» YOUR ASSIGNMENT
Could you reproduce all the entries under this sentence exactly, leaving the images aside?

[Extracted records]
****************
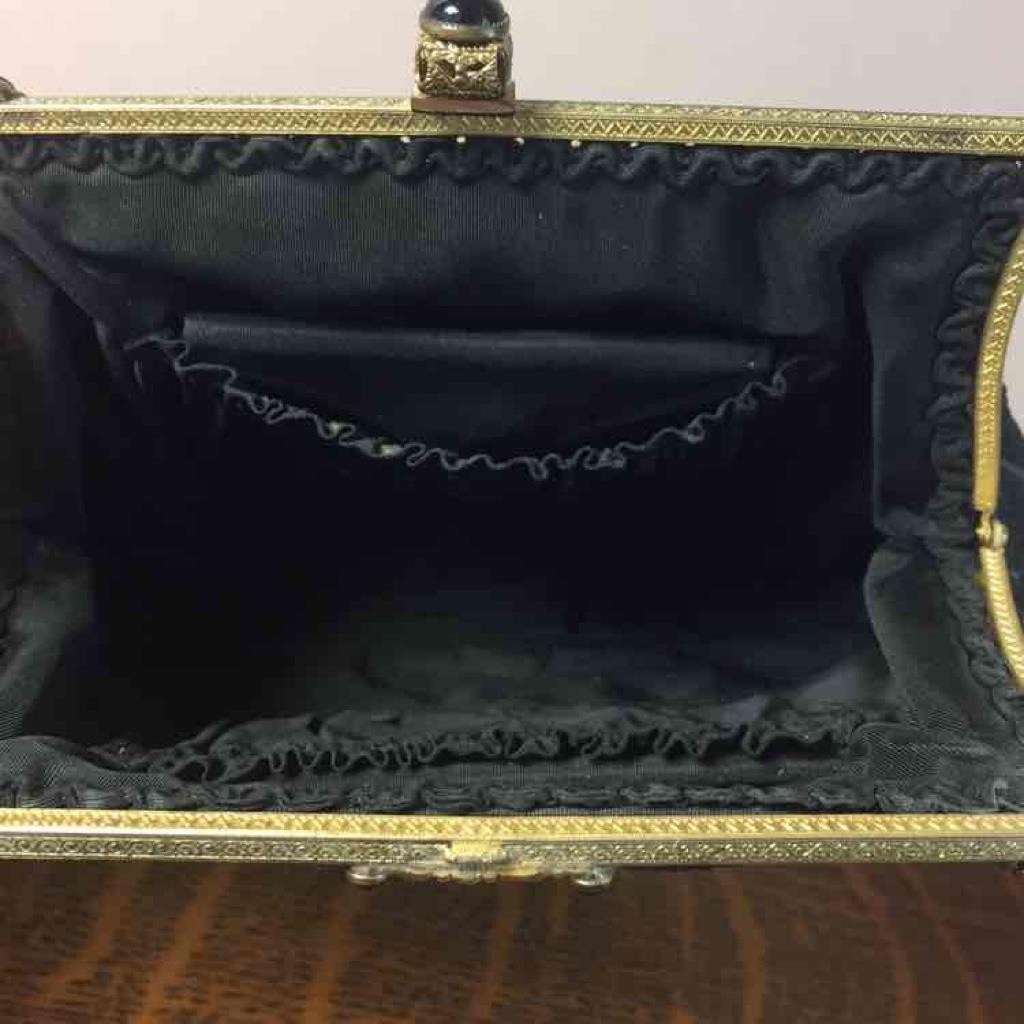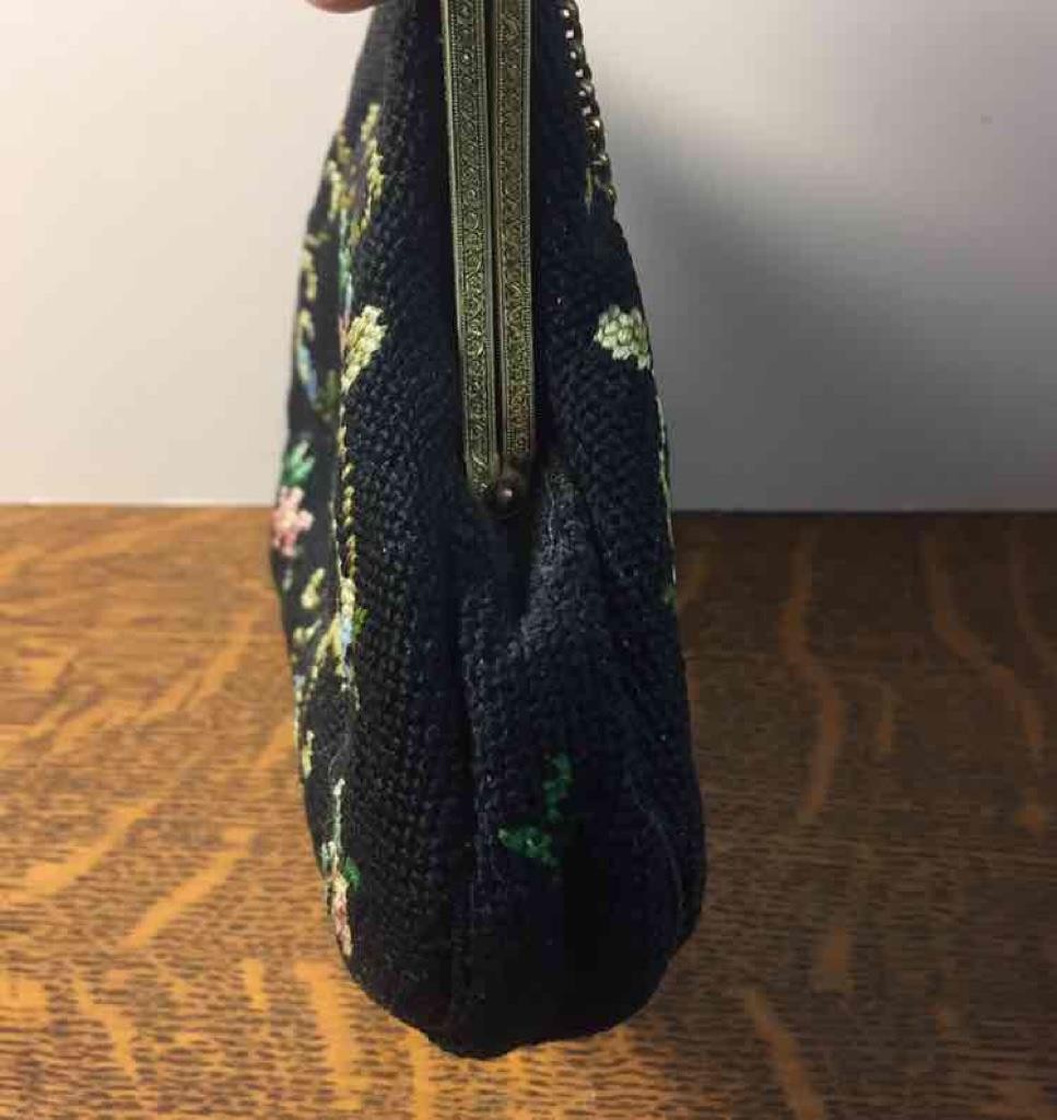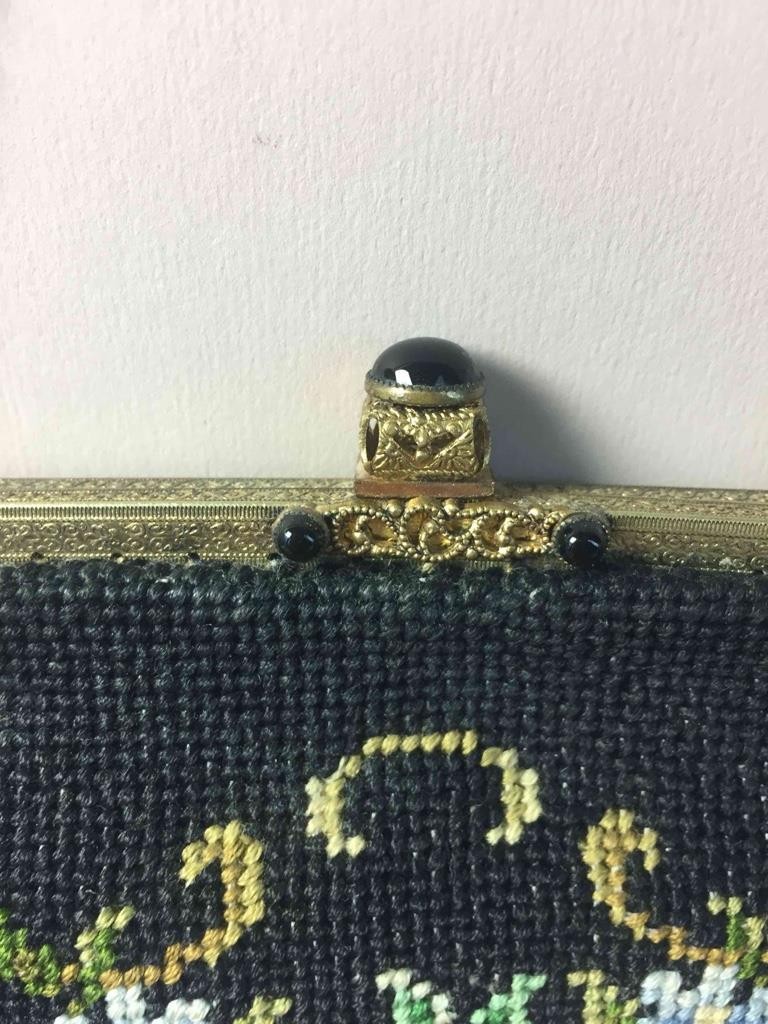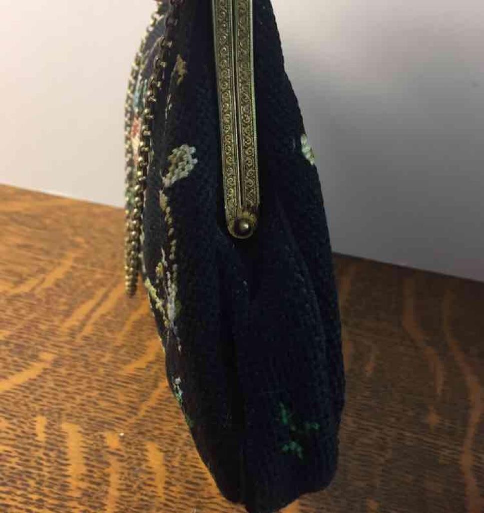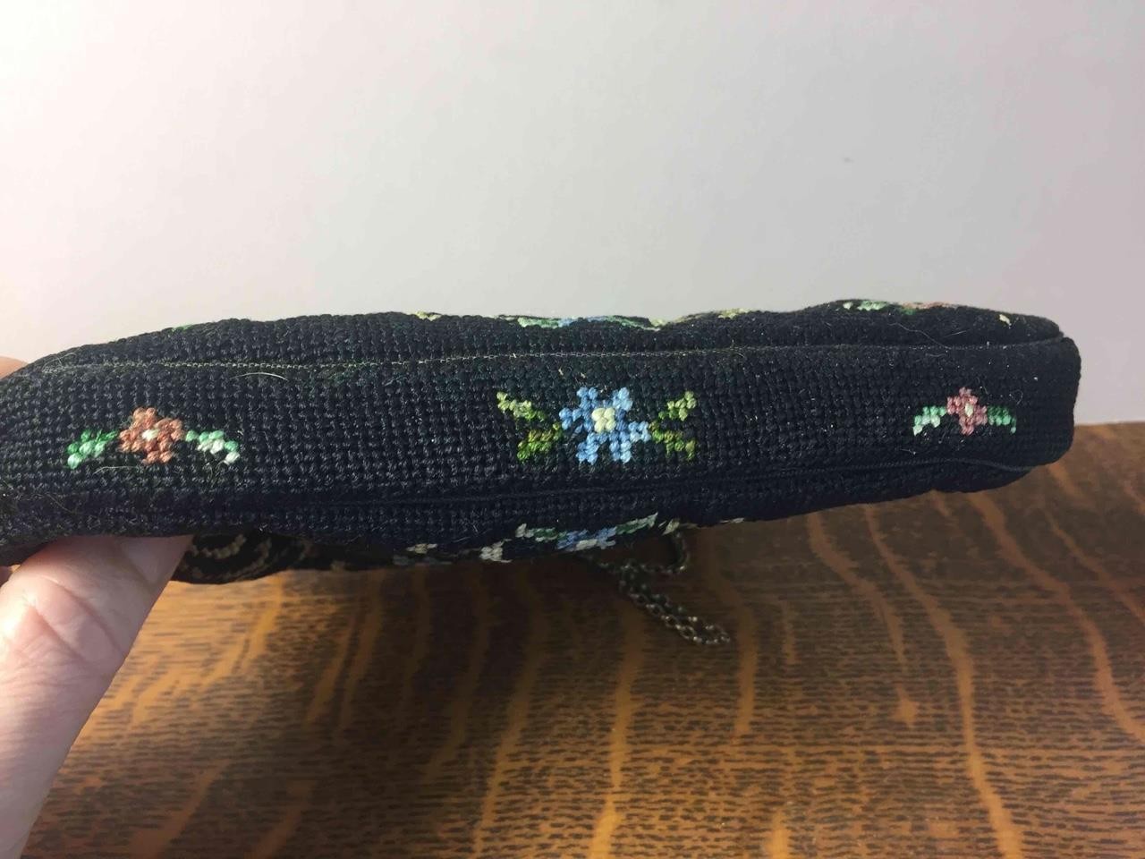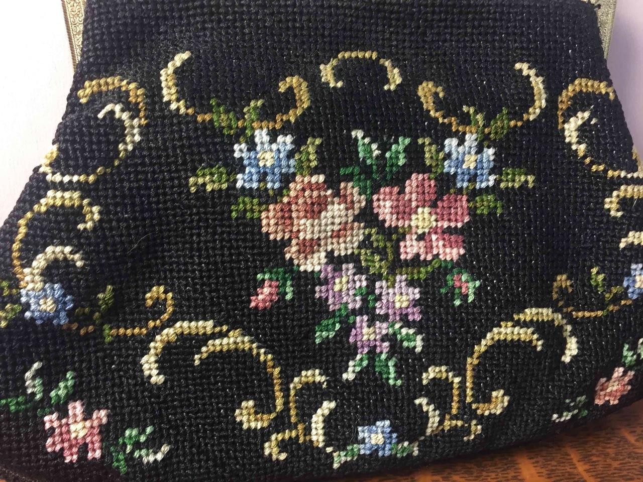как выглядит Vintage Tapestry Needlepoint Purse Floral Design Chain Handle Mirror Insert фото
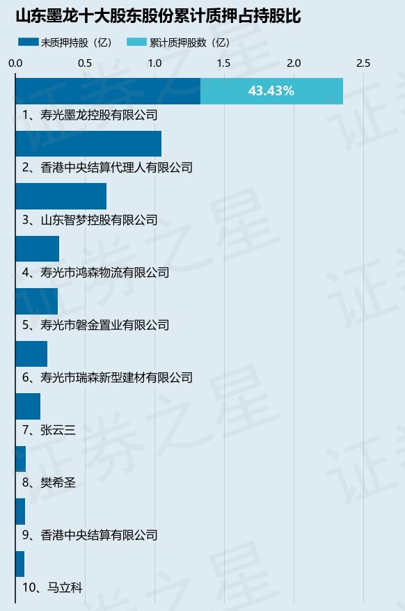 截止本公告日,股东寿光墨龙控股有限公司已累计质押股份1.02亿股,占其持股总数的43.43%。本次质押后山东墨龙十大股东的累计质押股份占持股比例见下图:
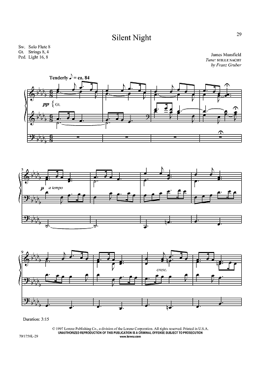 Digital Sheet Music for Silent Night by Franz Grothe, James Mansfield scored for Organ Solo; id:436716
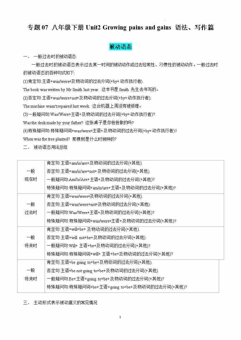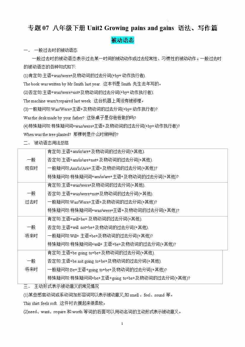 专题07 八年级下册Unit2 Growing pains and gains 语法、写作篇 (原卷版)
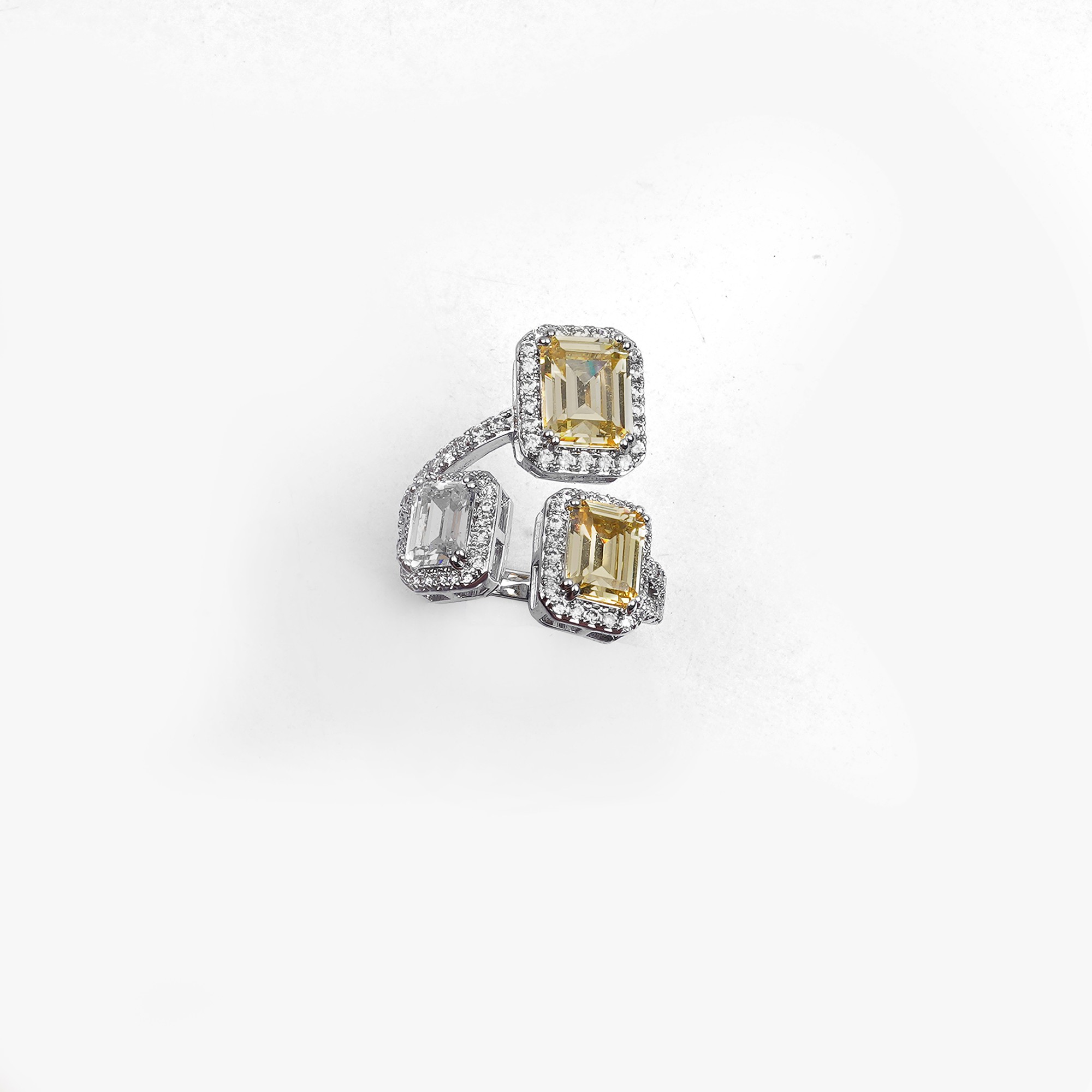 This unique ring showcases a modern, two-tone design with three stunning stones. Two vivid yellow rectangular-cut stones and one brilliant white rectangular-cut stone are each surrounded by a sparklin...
****************
» RESPONSE TO THIS EXERCISE
как выглядит Vintage Tapestry Needlepoint Purse Floral Design Chain Handle Mirror Insert фото
 截止本公告日,股东寿光墨龙控股有限公司已累计质押股份1.02亿股,占其持股总数的43.43%。本次质押后山东墨龙十大股东的累计质押股份占持股比例见下图:
 Digital Sheet Music for Silent Night by Franz Grothe, James Mansfield scored for Organ Solo; id:436716
 专题07 八年级下册Unit2 Growing pains and gains 语法、写作篇 (原卷版)
 This unique ring showcases a modern, two-tone design with three stunning stones. Two vivid yellow rectangular-cut stones and one brilliant white rectangular-cut stone are each surrounded by a sparklin...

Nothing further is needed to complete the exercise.